*** GIVEN RECORDS Section Begins ***

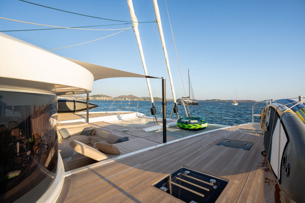 Her hull comes equipped with a carbon fiber boom, and a carbon mast is an option for our performance-focused owners. With smooth and easy handling, her sailing assets and performance underway are sure to meet the highest of expectations.
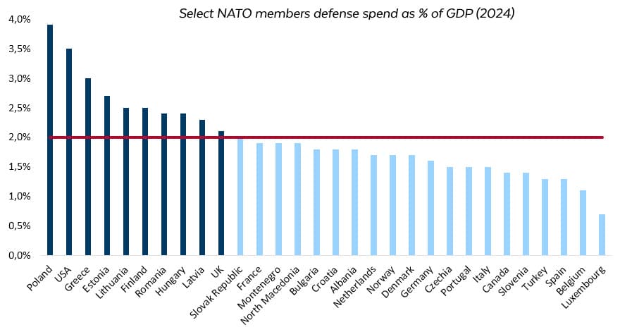 At month-end, a heated meeting between Trump and Ukraine’s Zelensky laid bare the deterioration of their relationship, and odds are now increasing that the US will withdraw all support for the Ukrainian war effort. The EU will need to step up to try and fill the void, as they face a number of tough questions regarding security over the coming months.
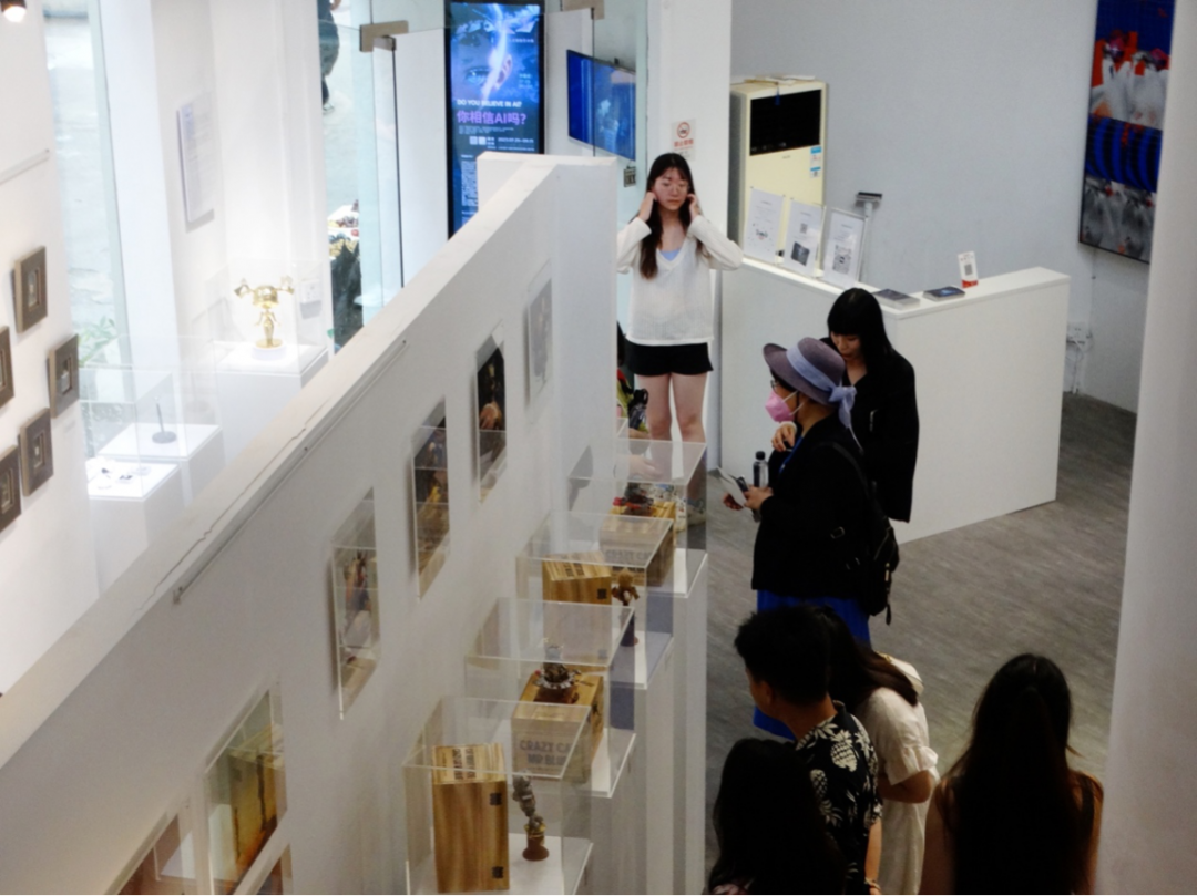 记者在现场看到,展品形式各样,近四十位青年艺术家们借助绘画、雕塑、影像、文字、装置乃至虚拟现实等多种媒介进行创作,让观众在多样的艺术形式中领略到AI艺术的无限可能性。许多观众对于此次AI艺术展感到新鲜又惊奇,AI辅助生成的艺术作品给观众带来的内心震撼,并不亚于传统艺术品所带来的体验。此外,有机会还能与艺术家本人畅聊作品背后的故事。
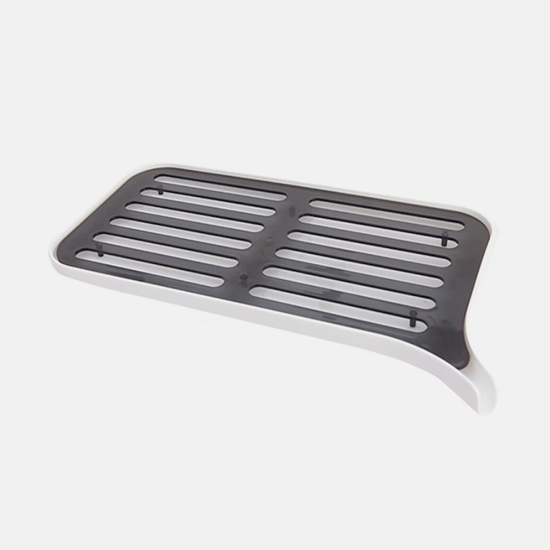 Сушилка снабжена решеткой, на которой сушится посуда, и носиком, через который можно сливать воду. Она легко разбирается и моется. Насадка на кран ограничит поток, не снижая его напор и интенсивность, тем самым позволяя экономить расход воды до 60 %.
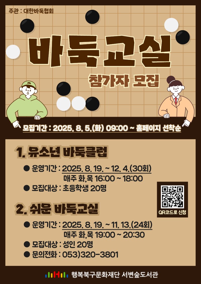 쉬운 바둑교실은 성인 대상으로 입문 및 초심자도 쉽게 접할 수 있는 바둑을 가르치는 프로그램이다.
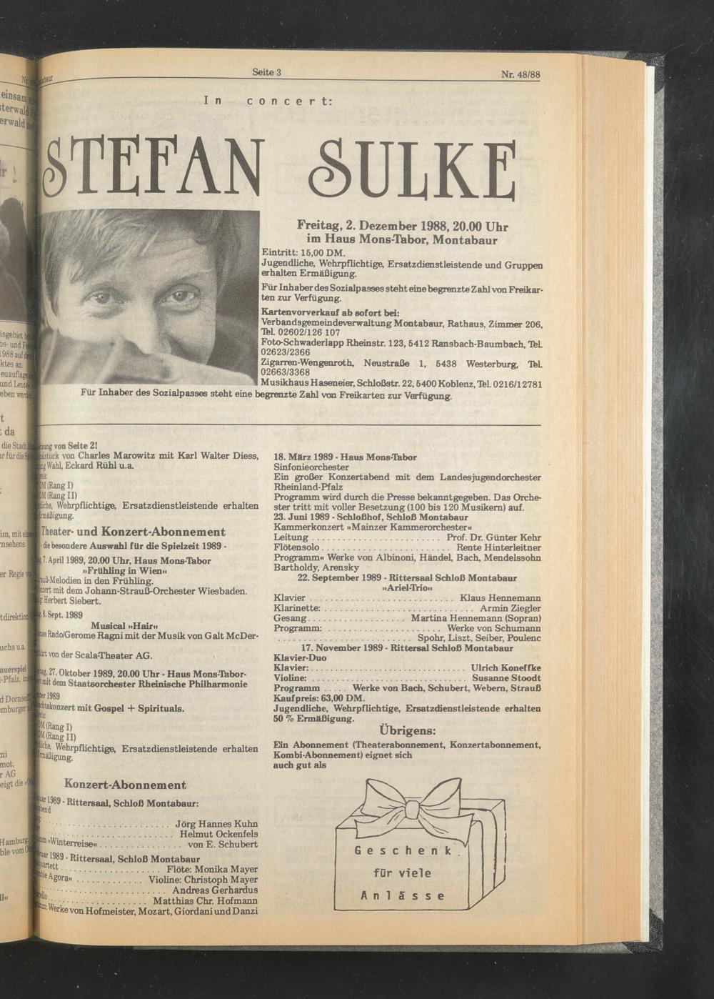 : ' W Freitag, 2. Dezember 1988, 20.00 Uhr in® Haus Mons-Tabor, Montabaur

*** GIVEN RECORDS Section Ends ***

TO DO:
Do not include images; quote all of the entries above exactly.

EXERCISE OUTPUT:
 Her hull comes equipped with a carbon fiber boom, and a carbon mast is an option for our performance-focused owners. With smooth and easy handling, her sailing assets and performance underway are sure to meet the highest of expectations.
 At month-end, a heated meeting between Trump and Ukraine’s Zelensky laid bare the deterioration of their relationship, and odds are now increasing that the US will withdraw all support for the Ukrainian war effort. The EU will need to step up to try and fill the void, as they face a number of tough questions regarding security over the coming months.
 记者在现场看到,展品形式各样,近四十位青年艺术家们借助绘画、雕塑、影像、文字、装置乃至虚拟现实等多种媒介进行创作,让观众在多样的艺术形式中领略到AI艺术的无限可能性。许多观众对于此次AI艺术展感到新鲜又惊奇,AI辅助生成的艺术作品给观众带来的内心震撼,并不亚于传统艺术品所带来的体验。此外,有机会还能与艺术家本人畅聊作品背后的故事。
 Сушилка снабжена решеткой, на которой сушится посуда, и носиком, через который можно сливать воду. Она легко разбирается и моется. Насадка на кран ограничит поток, не снижая его напор и интенсивность, тем самым позволяя экономить расход воды до 60 %.
 쉬운 바둑교실은 성인 대상으로 입문 및 초심자도 쉽게 접할 수 있는 바둑을 가르치는 프로그램이다.
 : ' W Freitag, 2. Dezember 1988, 20.00 Uhr in® Haus Mons-Tabor, Montabaur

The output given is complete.